International activities

Go-Ahead launched its German rail operation in June 2019 with additional services introduced in December 2019, but Go-Ahead says challenging operational performance resulted in significant losses in the year. While initial operating losses were expected as revenues stepped up throughout the year, the level of losses was higher than originally anticipated as a result of operational penalties and higher than expected costs. This was caused by late delivery of trains and subsequent reliability issues, compounded by driver shortages.

The German rail business operates within management contracts and is not exposed to changes in passenger demand. As a result, the impact of Covid-19 on the financial performance of the business has been limited.  

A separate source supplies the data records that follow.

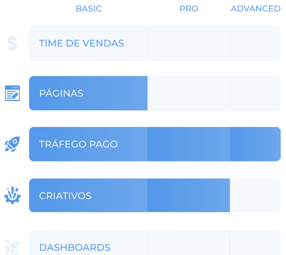 Todos esses serviços são divididos em planos. Você pode ajustar conforme sua disponibilidade de investimento.
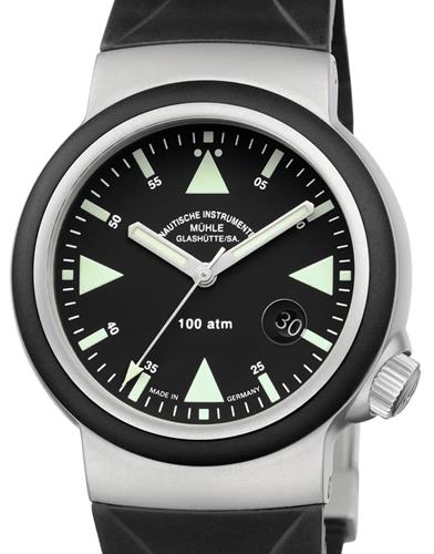 Best selling model of Natusche Instrumente from Muhle Glashutte SA made in collaboration with Search and Rescue captains. Powered by Sellita SW200 26 jewels Swiss Automatic movement with Date calendar. Easy to read flat black dial with extra large luminous markers and extra large luminous hands. Very comfortable and flexible rubber strap with steel sport buckle.
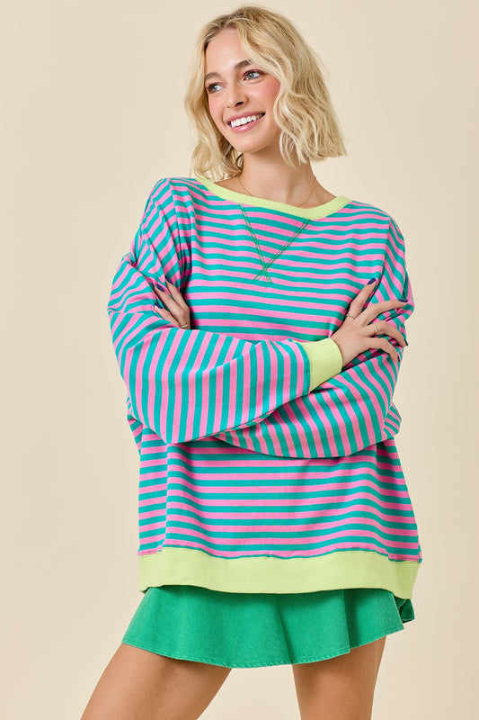Oversized Striped Crewneck Pink and Turquoise
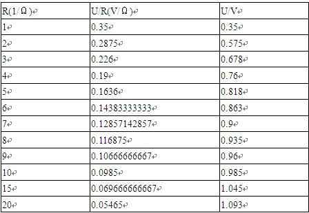 2、實驗原理:改變電阻箱的阻值,記錄R與U,
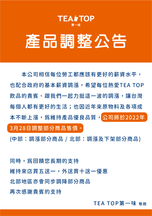 (北/中部) 飲品價格調漲及優惠公告
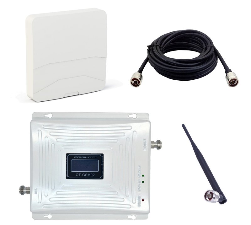 Входящий в комплект репитер Орбита OT-GSM02 позволяет создать или улучшить возможность приема сотовых телефонов и модемов в таких местах как подземные гаражи, изолированные металлические ангары, загородные дома, садовые участки.  Репитер имеет достаточное усиление и выходную мощность, поэтому рекомендуется для улучшения приема на площадях до 200 м2.
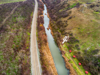 Aerial view of a winding river surrounded by hills and trees, with a highway running parallel to the river. The river is flanked by dry, brown vegetation, and there are red structures visible on the riverbank. | Drone shot over Markeli was a medieval Byzantine and Bulgarian frontier stronghold, the ruins of which are located in Karnobat Municipality, Bulgaria, Europe | 791b57861a3beaa274308b2acc6a6b5de7b53dbe6bb005ebb2a4b2342a32d584 | 000720930310 | 0 | 0 | 36 | 23 | 0 | 0 | |
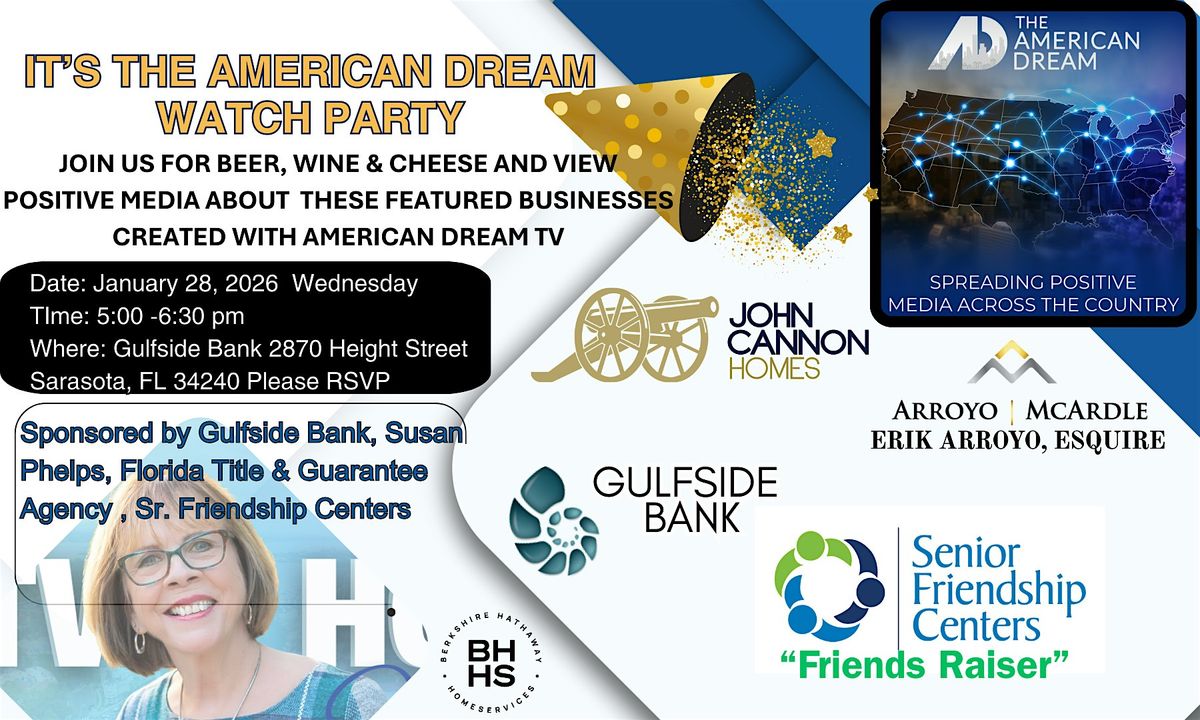 Join us for a Gulfside Bank "Launch" for their 2026 HOME GROWN Campaign. We’ll be premiering uplifting American Dream TV segments from 2025 while enjoying wine, beer, and light bites — a feel‑good evening dedicated to community, connection, and positive storytelling. Join us for a special “Friends” Raiser as we celebrate Sarasota’s local businesses and support Senior Friendship Centers.
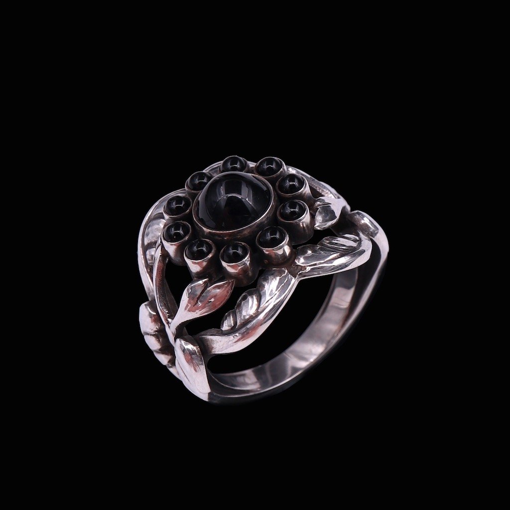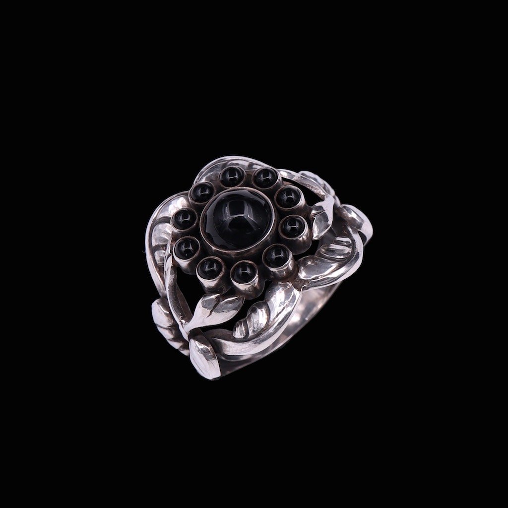Georg Jensen. Ring i sterlingsølv med onyx #10 - Moonlight Blossom.

Performance penalties have dropped to below 10% of revenue compared with highs of 30% earlier in the year, and Go-Ahead says it plans to deliver profitability over the medium term.

The company is also pursuing a claim for up to £26m in compensation from Stadler for late delivery of the Flirt fleet.

Go-Ahead began operating Traffic Package 1 in Norway on December 15 2019, which encompasses long-distance and regional services on the Oslo - Kristiansand - Stavanger Sørlandet line, together with the branch to Arendal. The service was Go-Ahead’s first contract in Norway and the first commercially run network in the country.

Capital expenditure for the rail division was £16m, down from £22.6m in 2019, predominantly relating to the building of a depot in Germany as part of the mobilisation of the contracts and short-term improvement schemes in Southeastern.

Financial outlook

In Britain, GTR and Southeastern will operate under ERMA and EMA contracts respectively for the remainder of their contracts. Go-Ahead says this provides visibility of financial performance with defined operating profit margins.

In Germany, although operational performance has improved markedly in recent months, driver shortages continue to impact performance resulting in financial penalties, but plans are in place to continue improving service reliability and the company says it expects its current operations in Baden-Württemberg to contribute to group profitability in the 2023 financial year. Two contracts in Bavaria are due to commence in December 2021 and December 2022.

In Norway, the financial support provided by the Norwegian government is expected to continue while passenger demand remains suppressed.

“Overall, in 2021, we expect the rail division to deliver a breakeven operating result,” the group says.